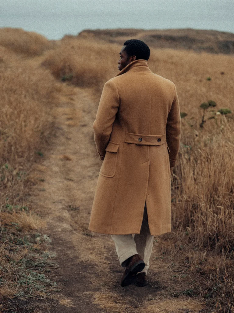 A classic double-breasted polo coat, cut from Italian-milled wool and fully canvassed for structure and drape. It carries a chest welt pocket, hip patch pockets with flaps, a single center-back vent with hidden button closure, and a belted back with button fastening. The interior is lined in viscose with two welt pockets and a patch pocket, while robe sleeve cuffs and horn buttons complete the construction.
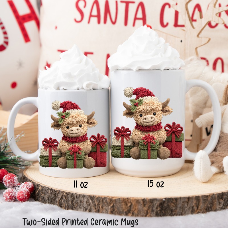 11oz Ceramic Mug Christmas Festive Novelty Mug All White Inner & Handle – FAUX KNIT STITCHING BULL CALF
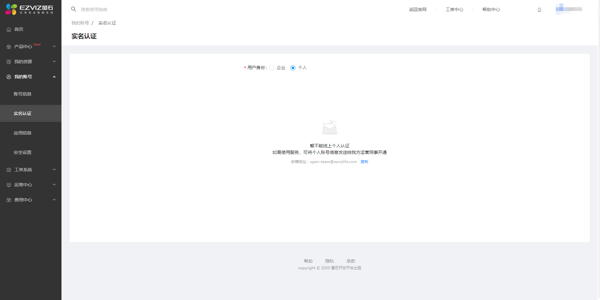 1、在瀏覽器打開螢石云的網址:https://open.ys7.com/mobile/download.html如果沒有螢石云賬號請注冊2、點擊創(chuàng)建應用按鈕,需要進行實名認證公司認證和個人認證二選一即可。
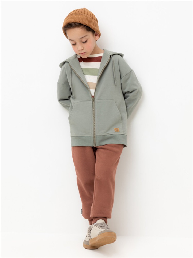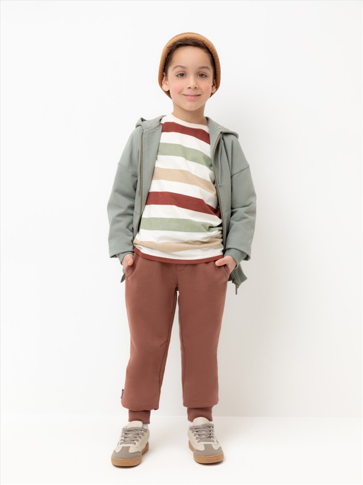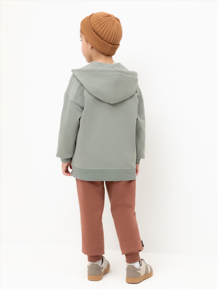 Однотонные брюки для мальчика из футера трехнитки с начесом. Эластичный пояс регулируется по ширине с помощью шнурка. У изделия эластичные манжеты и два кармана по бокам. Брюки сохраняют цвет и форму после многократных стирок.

Task prompt →
Transcribe the whole listing exactly. Pictures stay out of your copy.

Finished task →
 A classic double-breasted polo coat, cut from Italian-milled wool and fully canvassed for structure and drape. It carries a chest welt pocket, hip patch pockets with flaps, a single center-back vent with hidden button closure, and a belted back with button fastening. The interior is lined in viscose with two welt pockets and a patch pocket, while robe sleeve cuffs and horn buttons complete the construction.
 11oz Ceramic Mug Christmas Festive Novelty Mug All White Inner & Handle – FAUX KNIT STITCHING BULL CALF
 1、在瀏覽器打開螢石云的網址:https://open.ys7.com/mobile/download.html如果沒有螢石云賬號請注冊2、點擊創(chuàng)建應用按鈕,需要進行實名認證公司認證和個人認證二選一即可。
 Однотонные брюки для мальчика из футера трехнитки с начесом. Эластичный пояс регулируется по ширине с помощью шнурка. У изделия эластичные манжеты и два кармана по бокам. Брюки сохраняют цвет и форму после многократных стирок.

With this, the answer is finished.